首先是如果节点间的时间偏移确实很大,ceph health detail中会有警告信息出现,那么问题是多大的偏移才叫比较大呢?
health_status_t Monitor::timecheck_status(ostringstream &ss,
const double skew_bound,
const double latency)
{
health_status_t status = HEALTH_OK;
double abs_skew = (skew_bound > 0 ? skew_bound : -skew_bound);
assert(latency >= 0);
if (abs_skew > g_conf->mon_clock_drift_allowed) {
status = HEALTH_WARN;
ss << "clock skew " << abs_skew << "s"
<< " > max " << g_conf->mon_clock_drift_allowed << "s";
}
return status;
}
此处有个配置项,mon_clock_drift_allowed
OPTION(mon_clock_drift_allowed, OPT_FLOAT, .050)
即,允许节点之间的偏移为50毫秒。
如果超过,ceph health detail 会有如下的打印:
ceph health detail
HEALTH_WARN clock skew detected on mon.1, mon.2
mon.1 addr 192.168.0.6:6789/0 clock skew 8.37274s > max 0.05s (latency 0.004945s)
mon.2 addr 192.168.0.7:6789/0 clock skew 8.52479s > max 0.05s (latency 0.005965s)
这部分逻辑在
void Monitor::get_health(string& status, bufferlist *detailbl, Formatter *f)
{
...
if (f) {
f->open_object_section("timechecks");
f->dump_unsigned("epoch", get_epoch());
f->dump_int("round", timecheck_round);
f->dump_stream("round_status")
<< ((timecheck_round%2) ? "on-going" : "finished");
}
if (!timecheck_skews.empty()) {
list<string> warns;
if (f)
f->open_array_section("mons");
for (map<entity_inst_t,double>::iterator i = timecheck_skews.begin();
i != timecheck_skews.end(); ++i) {
entity_inst_t inst = i->first;
double skew = i->second;
double latency = timecheck_latencies[inst];
string name = monmap->get_name(inst.addr);
ostringstream tcss;
health_status_t tcstatus = timecheck_status(tcss, skew, latency);
if (tcstatus != HEALTH_OK) {
if (overall > tcstatus)
overall = tcstatus;
warns.push_back(name);
ostringstream tmp_ss;
tmp_ss << "mon." << name
<< " addr " << inst.addr << " " << tcss.str()

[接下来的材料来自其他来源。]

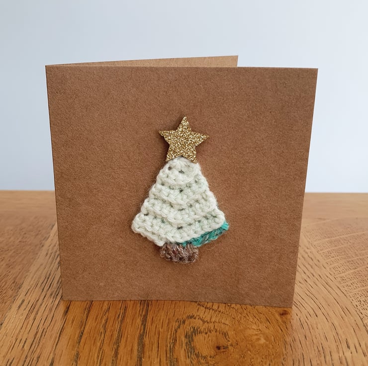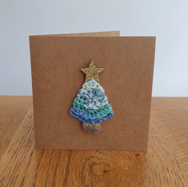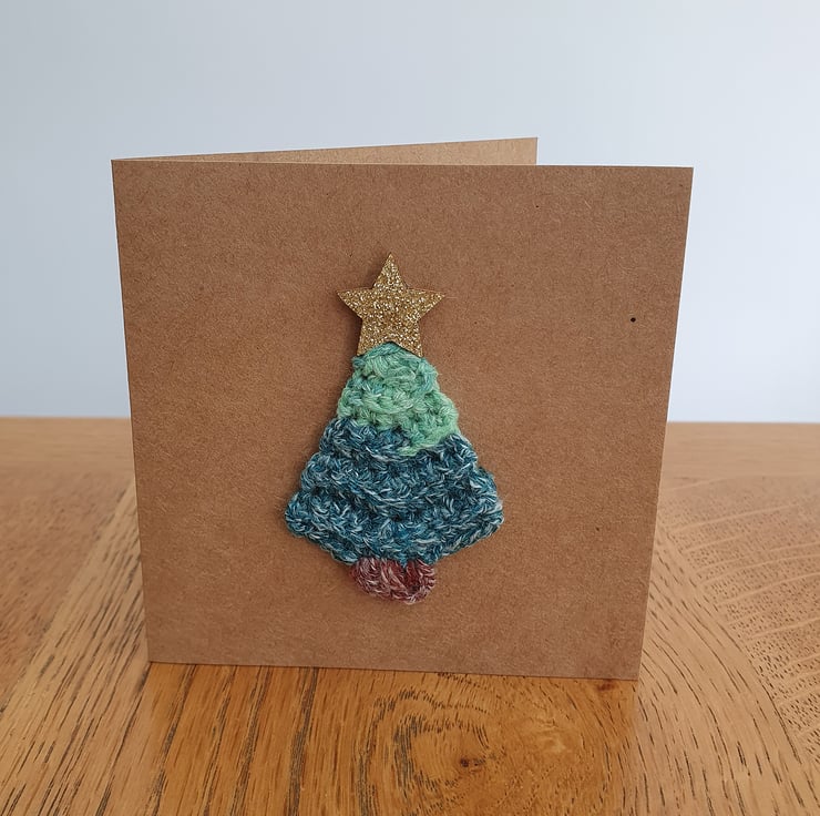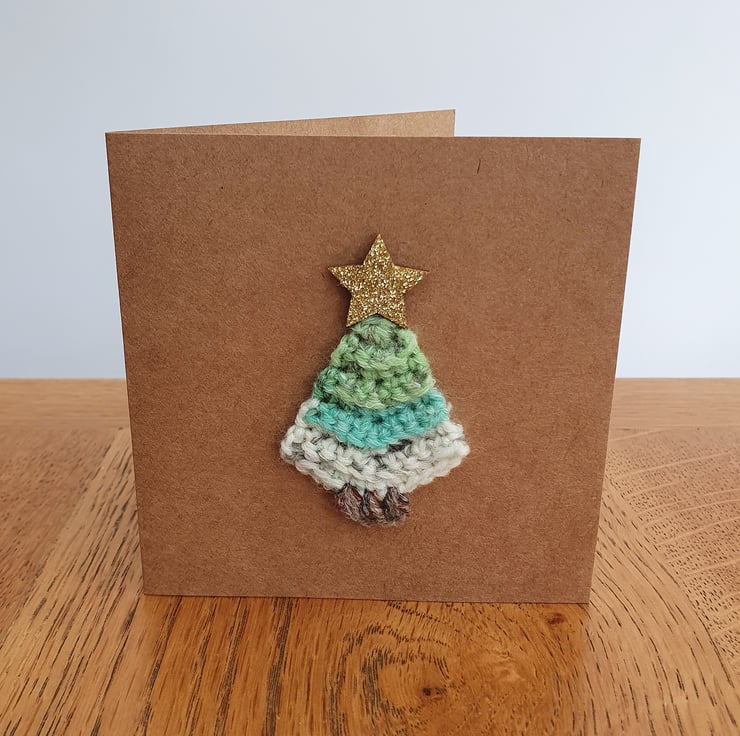 Adorable little 4x4" kraft cards featuring tiny crocheted Christmas trees in a variety of colours. Each tree was stitched using Sirdar Crofter DK, which has a lovely rustic feel to it, and a self stripe colour. I have topped each tree with it's own gold sparkly star.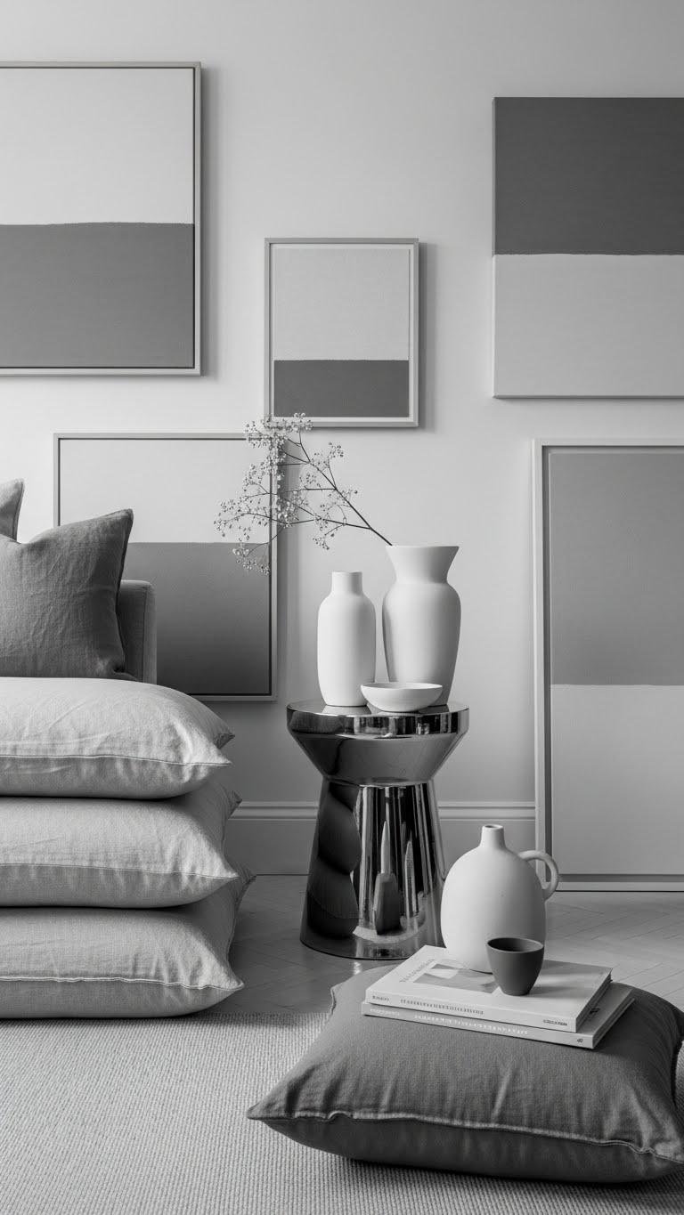 You’ll mix monochrome textures—linen cushions, matte ceramics, a glossy side table—to keep interest while staying restrained. Add tonal artwork to anchor the scheme and guide furniture choices.

<< " (latency " << latency << "s)";
detail.push_back(make_pair(tcstatus, tmp_ss.str()));
}
if (f) {
f->open_object_section("mon");
f->dump_string("name", name.c_str());
f->dump_float("skew", skew);
f->dump_float("latency", latency);
f->dump_stream("health") << tcstatus;
if (tcstatus != HEALTH_OK)
f->dump_stream("details") << tcss.str();
f->close_section();
}
}
...
}
发生这种事情,应该如何处理,很多文章都有提到了,基本就是强制ntpdate一次,让时间强制校准:
-
停掉所有节点的ntpd服务,如果有的话
/etc/init.d/ntpd stop
-
同步时间
ntpdate {ntpserver}
注意,如果无法连出外网的情况下,可以选择某一台机器作为NTP Server,大家强制向它看齐。